Results: TRIM Testing
Finally, I want to introduce a new test I've been working on using JEDEC's 218A consumer workload trace to create a TRIM benchmark. It's not a neatly-packaged little utility you can run at home. Rather, this is a test scripted in ULINK's DriveMaster 2012 software and hardware suite.
DriveMaster is used by most SSD manufacturers to create and perform specific metrics. It's currently the only commercial product that can create the scenarios needed to validate TCG Opal 2.0 security, but it's almost unlimited in potential applications. There are various hardware components associated with the platform, such as a SATA/SAS power hub that allows the benchmarked drive to be power-cycled independently of the platform. Much of the benefit tied to a solution like DriveMaster is its ability to diagnose bugs, ensure compatibility, and issue low-level commands. In short, it's very handy for the companies actually building SSDs. And if off-the-shelf scripts don't do it for you, make your own. There's a steep learning curve, but the C-like environment and command documentation gives you a fighting chance.
This product also gives us some new ways to explore performance. Testing the TRIM command is just the first example of how we'll be using ULINK's contribution to the Tom's Hardware benchmark suite.
The suite ships with some built-in scripts, but also contains its own scripting language for extensibility and customization. This particular test uses JEDEC's published master trace of consumer I/O activity (similar to our Tom's Hardware Storage Bench trace). The read commands are removed from the trace, leaving write, flush, and TRIM commands. After secure erasure and writing preparatory data, the test commences. The trace is played against the drive four times using NCQ with and without TRIM, and DMA with and without TRIM. IOPS are measured and averaged every 100,000 commands.
On a 256 GB drive, each iteration writes close to 800 GB of data, so running the JEDEC TRIM test suite once on a 256 GB SSD generates almost 3.2 TB of mostly random writes (it's 75% random and 25% sequential). By the end of each run, over 37 million write commands are issued. If that sounds like a lot of storage traffic, it is.
The first two tests employ DMA to access the storage, while the last two use Native Command Queuing. Since most folks don't use DMA with SSDs (aside from some legacy or industrial applications) we don't concern ourselves with those. It can take up to 96 hours to run one drive through all four runs, though faster drives can cut the time in half, roughly. Because so much information is being written to an already-full SSD (the drive is filled before each test, and then close to 800 GB are written per iteration), SSDs that perform better under heavy load fare best. Without TRIM, on-the-fly garbage collection becomes a big contributor to high IOPS. With TRIM, 13% of space gets TRIM'ed, leaving more room for the controller to use for maintenance operations.
Take everything that was beautiful about Crucial's M500, add more capacity, and then more performance. The M550 sets its predecessor's shortcomings right. Excessive redundancy and conservative engineering resulted in the M500's modest performance. A year later, the M550 sports an updated controller and firmware, putting it in elite company.
The 512 GB M550 is as quick as the 1024 GB model, but sells for $200 less, making it more palatable to mainstream audiences.
TRIM Testing
Here's the chart derived from our DriveMaster JEDEC TRIM test data. We have the new M550s, Samsung's venerable 840 Pro at 256 GB, Crucial's more mainstream M500 (240 GB), Plextor's M5P, and the 250 GB 840 EVO. Each device's NCQ-based test is plotted. The solid line represents average IOPS every 100,000 commands, but without TRIM. The hashed line represents performance every 100,000 commands with TRIM. In each case, the workload is mixed in with tons of small, random writes.

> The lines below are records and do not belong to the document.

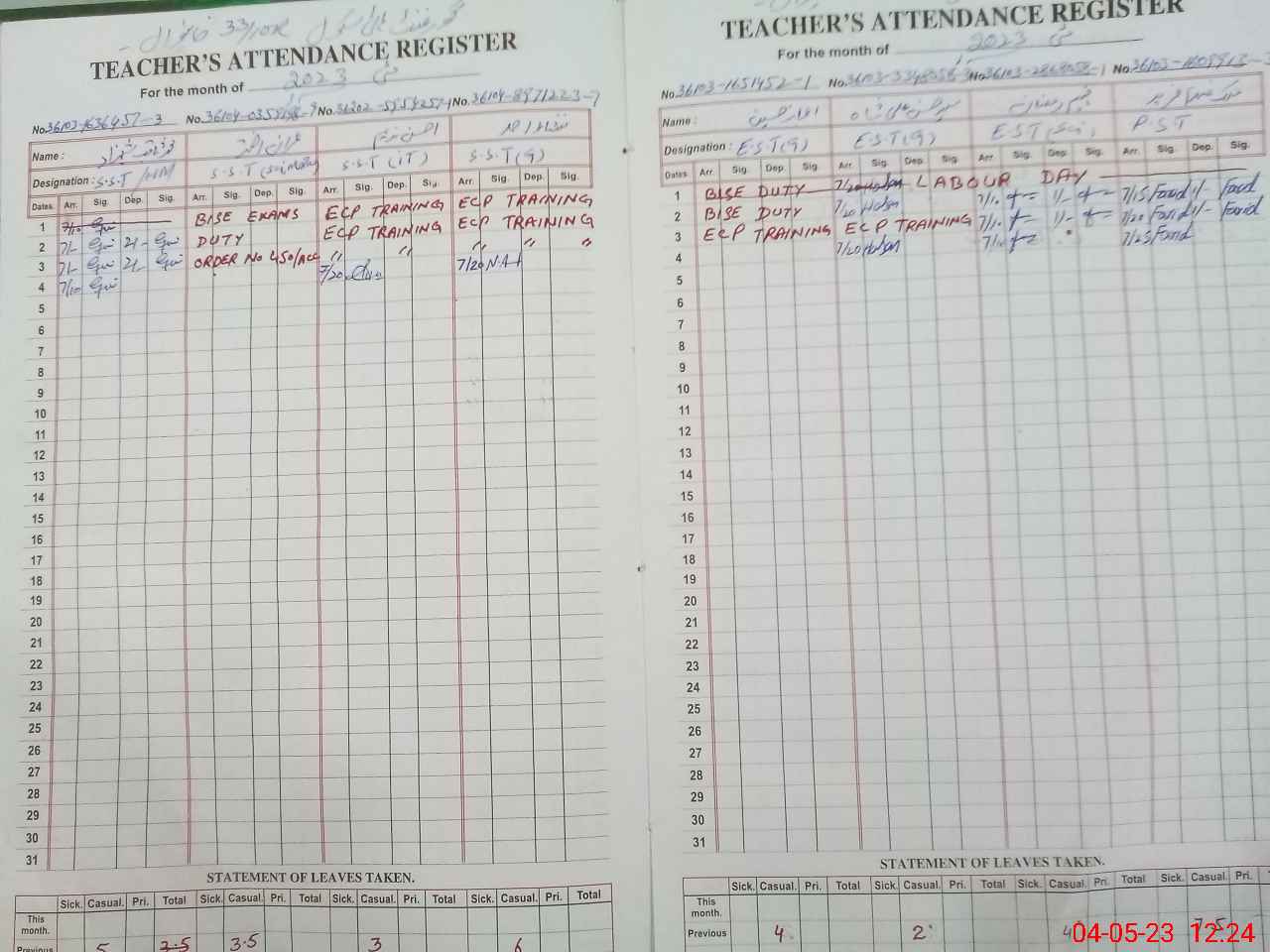 | Leave | Duty | Absent | Maternity | Medical | Ex- Pak |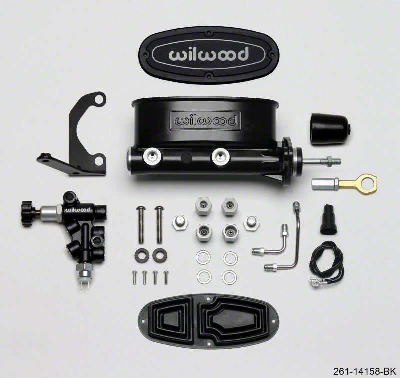 Wilwood has packaged the popular Aluminum Tandem Chamber Master Cylinder with the Combination Proportioning Valve, mounting bracket, fluid tubes and mounting hardware in a kit. Wilwood's Tandem Master Cylinder represents the latest in refinements in brake pressure actuation and fluid control. The slotted flange mounting and included rod assembly makes it a simple bolt on for Early Ford Mustang and fully is compatible with manual system applications. Mustang Tandem Master cylinders are available in two bores sizes, 7/8" or 15/16", and three finishes, standard, ball burnished or black E-coat. The combination proportioning valve substantially simplifies wiring and brake proportioning adjustments on vehicles with custom brake systems. The combination block maintains full isolation between front and rear fluid circuits and is specifically designed to accompany the Tandem Chamber Master Cylinder. The combo valve and bracket are black E-coated for a performance look and long lasting durability. Stainless steel fluid tubes are precision bent with preinstalled plated steel tube nuts for a simple bolt-on installation between the Combination Proportioning Valve and the Wilwood Tandem Master Cylinder. Stainless steel button head fasteners thread into the bracket for a simple installation and years of durable, rust-free performance. Simply connect the fluid lines, bleed the system, and you're finished.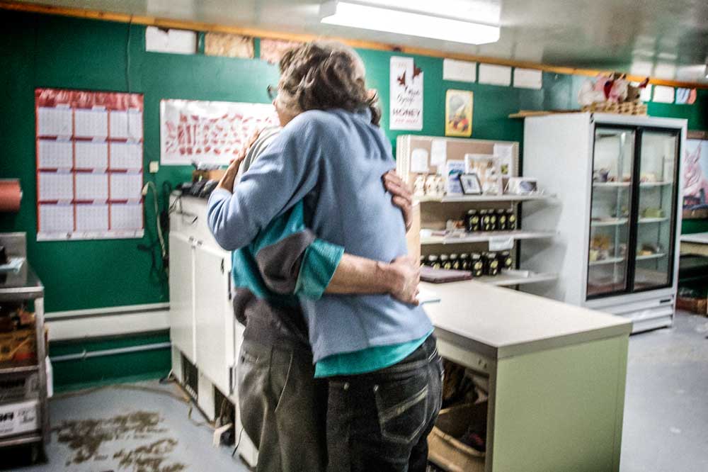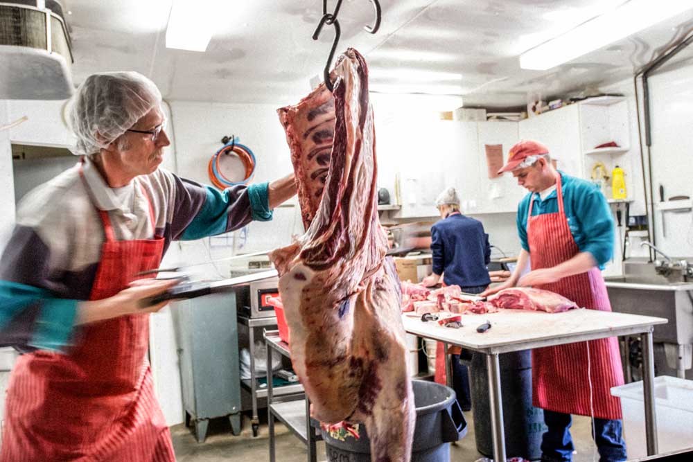 Every once in a while Mr. Hayden helps Mr. Burt with chopping meat, a crucial operation for the retail store and the entire farm. The idea is not waste anything. The fat is an incredible source of bio-diesel, essential to run all the farm tractors.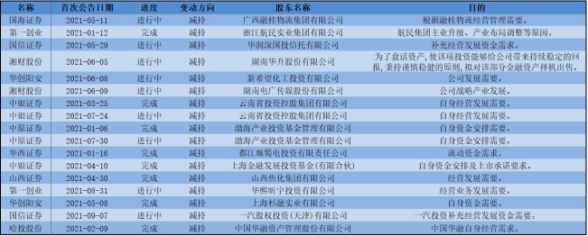 数据显示,年内已有10家上市券商发布股东减持计划公告,累计发布17次,其中,有8笔已经完成减持,还有9个计划仍然还在进行中。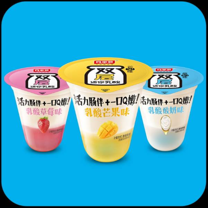 品名:百家赞双层迷你乳酸别名:乳酸小奶杯口味:乳酸酸奶味、乳酸芒果味、乳酸草莓味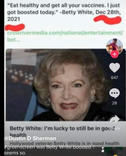 Regarding Betty White dying at age 99 — I don’t know if this is true, but here ya go: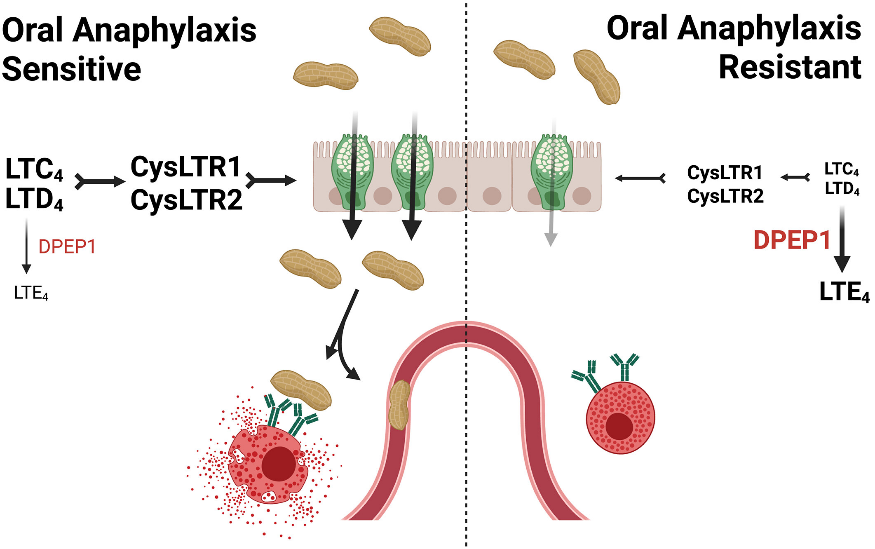 Команда ученых во главе со Стефани Айсенбарт из Северо-Западного университета с использованием сравнительного геномного анализа показала, что предрасположенность к развитию пищевой анафилаксии у мышей связана с генетическими вариантами фермента DPEP1 (dipeptidase 1), разрушающего лейкотриен D4 (LTD4). Активные аллели DPEP1 ускоряют инактивацию LTD4 в кишечнике и уменьшают риск системного ответа. При низкой активности фермента LTD4 накапливается, усиливая сокращение гладких мышц бронхов и повышая вероятность развития анафилактического шока. Эти данные позволяют объяснить различия в тяжести реакций у животных со сходным уровнем IgE.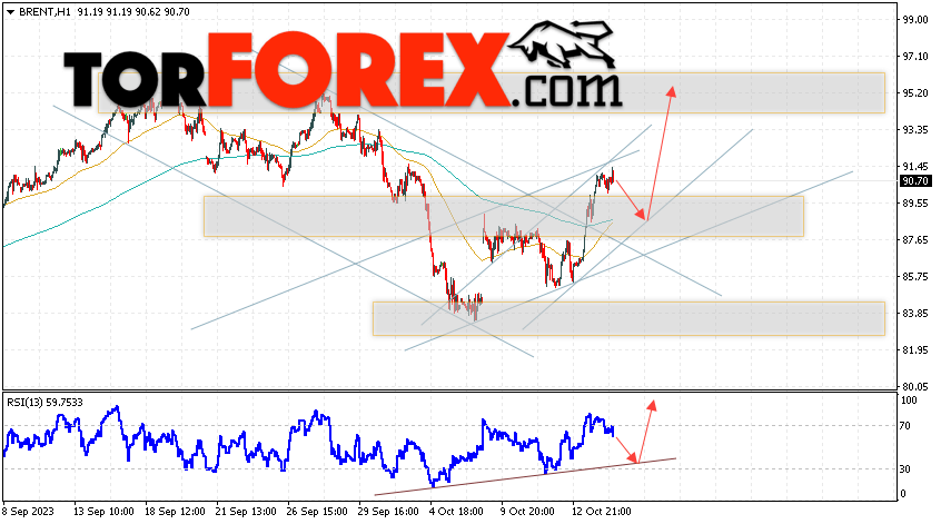 Дополнительным сигналом в пользу падения котировок и цен на нефть Brent выступит тест линии поддержки на индикаторе относительной силы (RSI). Вторым сигналом станет отбой от нижней границы бычьего канала. Отменой варианта роста цен на нефть станет падение и пробой уровня 85.05 долларов за баррель. Это укажет на пробой области поддержки и продолжение падения котировок BRENT в область ниже уровня 80.05. Подтверждением росту котировок и цен на нефть выступит пробой области сопротивления и закрытие цен на Brent выше уровня 93.05.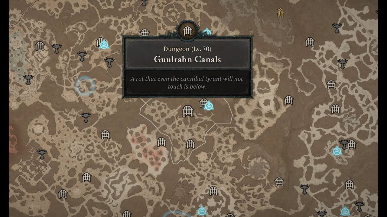 Подземелье расположено в Сухих степях и предлагает идеальные условия для быстрого фарма практически в самом начале игры. Найти это место не так уж и сложно, главное не перепутать его с трущобами Гуулрана, так как там вы быстро поймете, что такое орда монстров в Diablo 4, и после нескольких билетов на тот свет решите, что стоит поискать место для прокачки попроще.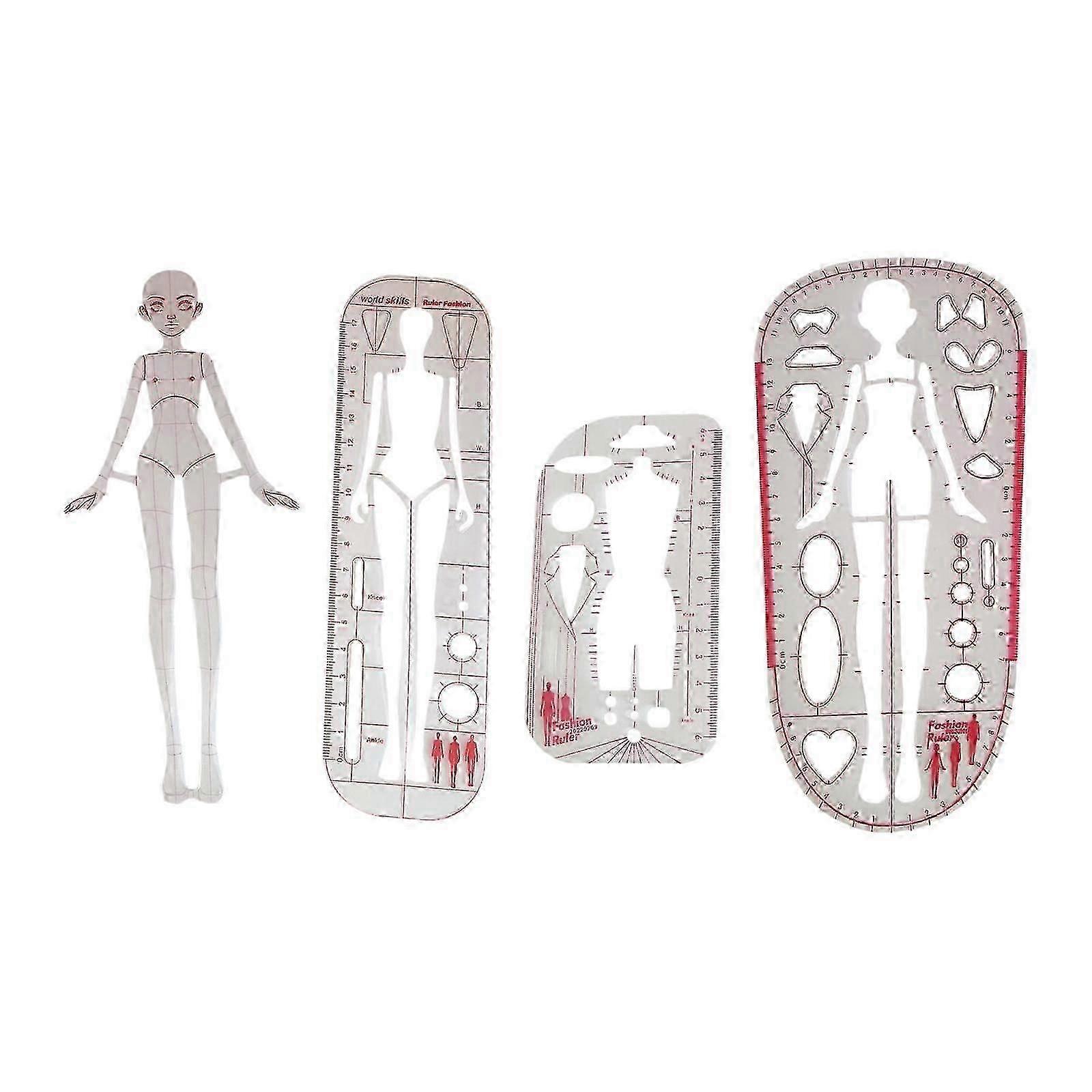 4x Fashion Drawing Template Ruler Set for Designers Clothing Tailor Drafting hwy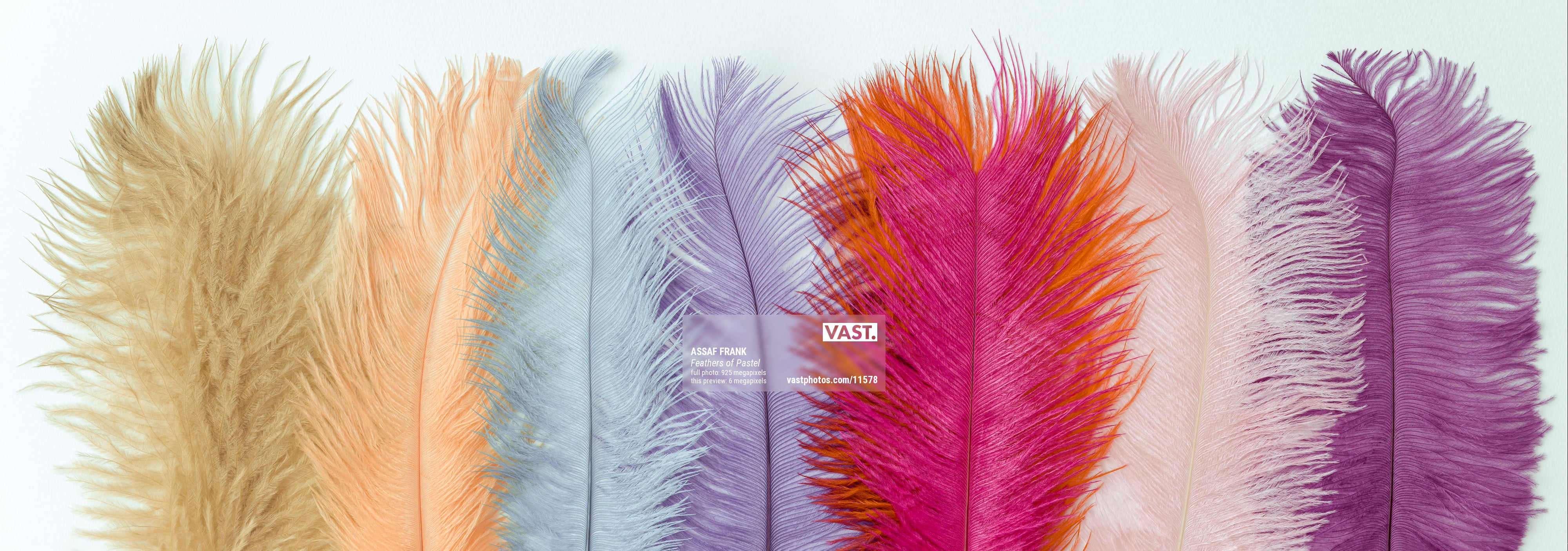 Immerse yourself in the exquisite beauty of a row of multicoloured Ostrich Feathers captured in this stunning photograph. The feathers, overlapping each other, showcase a delicate array of pastel hues, creating a soothing and tranquil ambience. Feel the softness of the feathers and embrace the gentle colours that bring a sense of calmness and serenity to any room, complementing your interior with grace.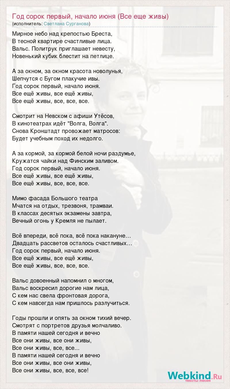Мирное небо над крепостью Бреста, В тесной квартире счастливые лица. Вальс. Политрук приглашает невесту, Новенький кубик блестит на петлице. А за окном, за окном красота новолунья, Шепчутся с Бугом плакучие ивы. Год сорок первый, начало июня. Все ещё живы, все ещё живы, Все ещё живы, все, все, все. Смотрит на Невском с афиши Утёсов, В кинотеатрах идёт "Волга, Волга". Снова Кронштадт провожает матросов: Будет учебным поход их недолго. А за кормой, за кормой белой ночи раздумье, Кружатся чайки над Финским заливом. Год сорок первый, начало июня. Все ещё живы, все ещё живы, Все ещё живы, все, все, все. Мимо фасада Большого театра Мчатся на отдых, трезвоня, трамваи. В классах десятых экзамены завтра, Вечный огонь у Кремля не пылает. Всё впереди, всё пока, всё пока накануне… Двадцать рассветов осталось счастливых… Год сорок первый, начало июня. Все ещё живы, все ещё живы, Все ещё живы, все, все, все. Вальс довоенный напомнил о многом, Вальс воскресил дорогие нам лица, С кем нас свела фронтовая дорога, С кем навсегда нам пришлось разлучиться. Годы прошли и опять за окном тихий вечер. Смотрят с портретов друзья молчаливо. В памяти нашей сегодня и вечно Все они живы, все они живы, Все они живы, все, все... В памяти нашей сегодня и вечно Все они живы, все они живы, Все они живы, все, все, все!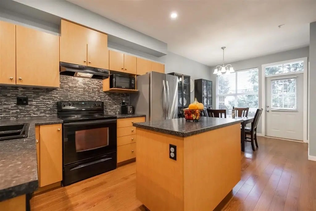 This 2 bedroom townhouse in located in the heart of Willoughby . Tucked in the the far back of this family oriented complex this spotless unit is footsteps to everything. Laminate floors on main, 9" ceiling, laminate kitchen kitchen countertop & island to entertain. Stainless steel fridge & upgraded kitchen backsplash. Spacious living area with warm paint tones & gas fireplaces. Powder washroom on main floor. Door leads to back South facing deck. A perfect spot for BBQ's. 2 large bedrooms upstairs with laminate floors & laundry area for added convenience. 2 car tandem garage with extra storage. Fantastic complex and down the street from Costco, Save on, restaurants & more. Don't miss this opportunity. Available in Willow Edge.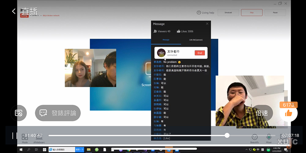 关于出勤的问题,叶茂乐采取线上回复“到”的方法:课程安排30分钟左右休息一次;每一段课开始和结束都要求学生回复“到”;课后登记。叶茂乐说:“非常节约时间,而且基本没有出现半途离场的学生。”
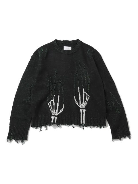 black distressed detailing skeleton hand motif round neck long sleeves ribbed hem

Since performance is measured over each 100,000-command segment, time is factored out of the above chart. This rolling average also hides the trace's peaky nature.
You can see the 512 GB M550 start out with lower peak performance in non-TRIM testing. Add TRIM to the mix, though, and it ends up as quick as Samsung's 840 Pro.
But I also want the instantaneous average of our TRIM testing. So, how does the drive fare servicing writes with and without TRIM during each 100,000-command window? The purple line represents IOPS across the entire trace, without TRIM. The teal line is with TRIM.
Notice that the peaks are higher with TRIM support enabled. This is how a desktop-oriented drive should behave. About 13% of the drive's span is freed by the command during our test, giving Marvell's controller more available blocks to write to. Without TRIM, the processor is stuck manually collecting garbage, juggling data in read/modify/erase cycles.
TRIM mitigates this, allowing the operating system to tell the drive when a range of LBAs is no longer needed. The alternative is letting the drive handle its own garbage collection as the operating system writes to LBAs already occupied by data.
This chart shows throughput in our TRIM-enabled test. The M550s do well, despite their lack of additional over-provisioning. See how soundly the 512 GB M550 routs the 480 GB M500?